International Conference Hears Of Latest Developments In Neurology

QCNC-Audience_M1715.jpgQatar Clinical Neuroscience Conference has ended following two and a half days of high-level discussion of the latest advances in neurological treatments.

The conference was organized by Qatar Foundation (QF), Weill Cornell Medical College in Qatar (WCMC-Q) and The New York Academy of Sciences (The Academy) to bring together the world’s finest minds in the arena of neuroscience.

The symposium was developed to incorporate two of the most common neurological issues facing academia and the medical profession - affective disorders like depression, and strokes and traumatic brain injury.

The audience heard that these issues have been defined by the World Health Organization as two of the most serious health problems today, affecting not just Qatar but the entire globe. In fact, of the 20 leading causes of death, 14 of them are based in neuroscience while one in six people will experience a serious episode of depression at some point in their lives.

Conference delegates heard from such world-renowned authorities as Dr Matthew E Fink, Louis and Gertrude Feil Professor and Chairman of the Department of Neurology at Weill Cornell Medical College in New York.

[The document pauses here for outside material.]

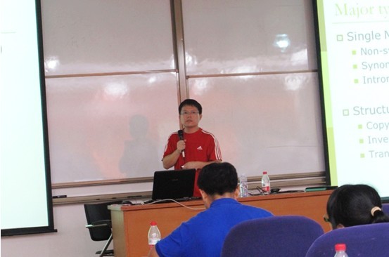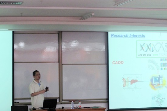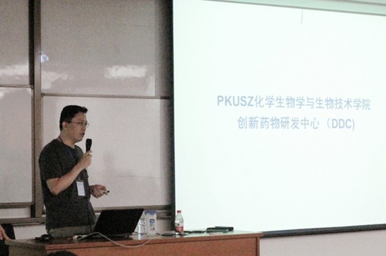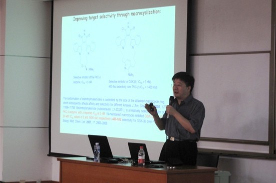药明康德公司的黎健博士依据药明康德药物研发的进展及其丰富的工作经验,为在场的所有同学做了名为“Fragment-Based Drug Discovery :Application to lead Generation”的报告。
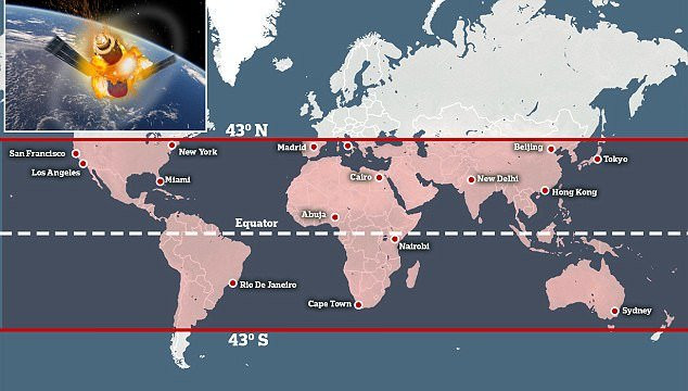 Các nhà khoa học chỉ có thể dự đoán chính xác thời gian và địa điểm tàu vũ trụ rơi chạm Trái Đất vào tuần cuối cùng. (Ảnh: Daily Mail)

Dr Fink said that strokes are the second leading cause of death in the world but that if the knowledge we have is applied to the general population, 80 per cent of strokes can be prevented. He said that epidemiological studies had shown that stress was a huge risk factor for strokes - and not just ‘bad’ stress. Even joyful occasions feature stress and, startlingly, the risk of suffering a stroke doubles in the two weeks following a birthday.

Among the presentations directly related to Qatar was Dr Ziad Kronfol’s talk entitled Bipolar Disorders in the Arab World: Clinical and Genomic Data.

Dr Kronfol, Professor of Psychiatry at WCMC-Q, and a consultant at Hamad Medical Corporation, explained to delegates that his research within Qatar and the region showed that while many of the characteristics of patients with bipolar disorder were shared across international borders, there were some aspects more common to the Arab world.